First of all: Thanks to both of you.

Concerning pavanramkumar answer's point 1) and 3) :
It was just an extremely minimal sample. In fact, I like to run it on 150predictors and about 100MB+ of input data.

I will consider your point 2).

Just to be on the same page, I like to give you now more data because it seems relevant to not be minimal anymore:

Download this file first and extract it in your python working dir:
glmnetPy.zip

It is still just 10KB. (10predictors, 218steps, still very minimal). If your answers depend on the amount of input data, I can give you even more input data.
I still get nans for this (or zeros).

Can you reproduce? Any ideas? (apart from pavanramkumar-point (2), which I will still try)

@pavanramkumar @jasmainak
All 3 points are now incorporated in the script: More data, standardize, less zeros in y. However, it still returns nans oder 0.

sc = StandardScaler()
Xsc = sc.fit_transform(X.to_numpy())
ysc = y.to_numpy().flatten()

Any idea is appreciated. If you think this can be tested/improved better with more input data, please let me know.

@titipata do you have time to investigate what is going on?

@jasmainak I will try to investigate by the end of this week.

hi everyone!
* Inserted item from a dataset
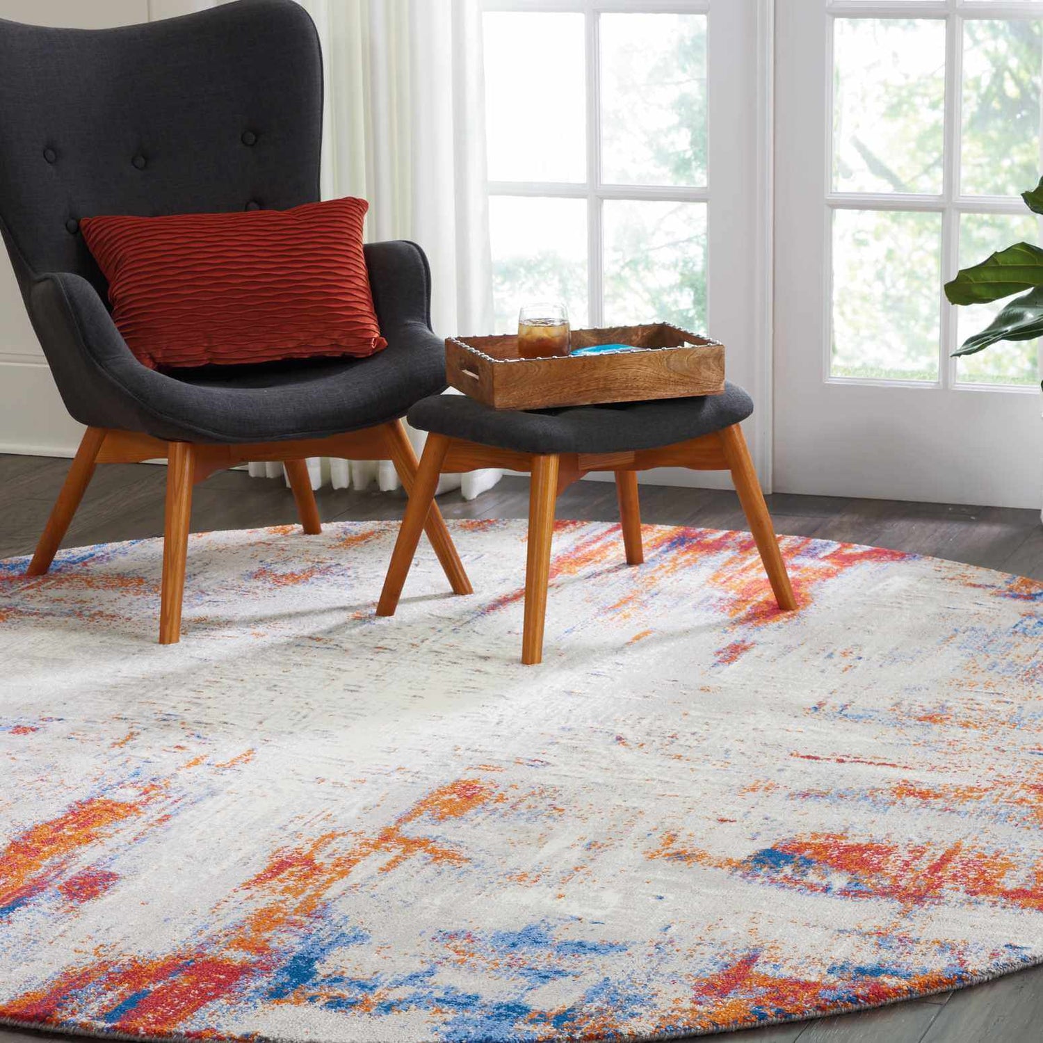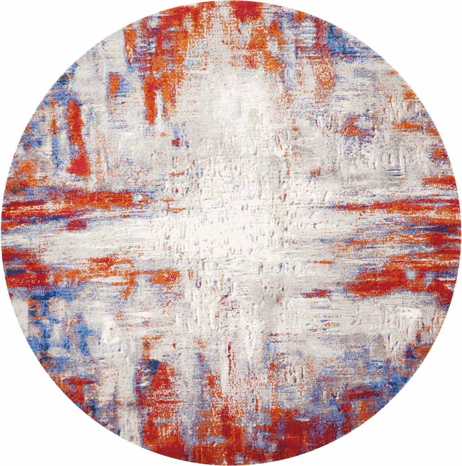 A vivid clash of cobalt blue, fiery red, and soft gray — the Twilight's abstract distressed medallion design looks like modern art for your floor.

I'm trying out your library and having similar issues trying to fit a regularized Gamma GLM. My predictions are all nan most of the time, I'm trying out different settings for the learning_rate, tol and iterations, but it seems tough to get something that makes sense. Any tips on this one? I'm going to check whether similar libraries in R also suffer from this issue with my dataset. Thanks for any advice!

ummm ... do you mind sharing your data and a small snippet of your code?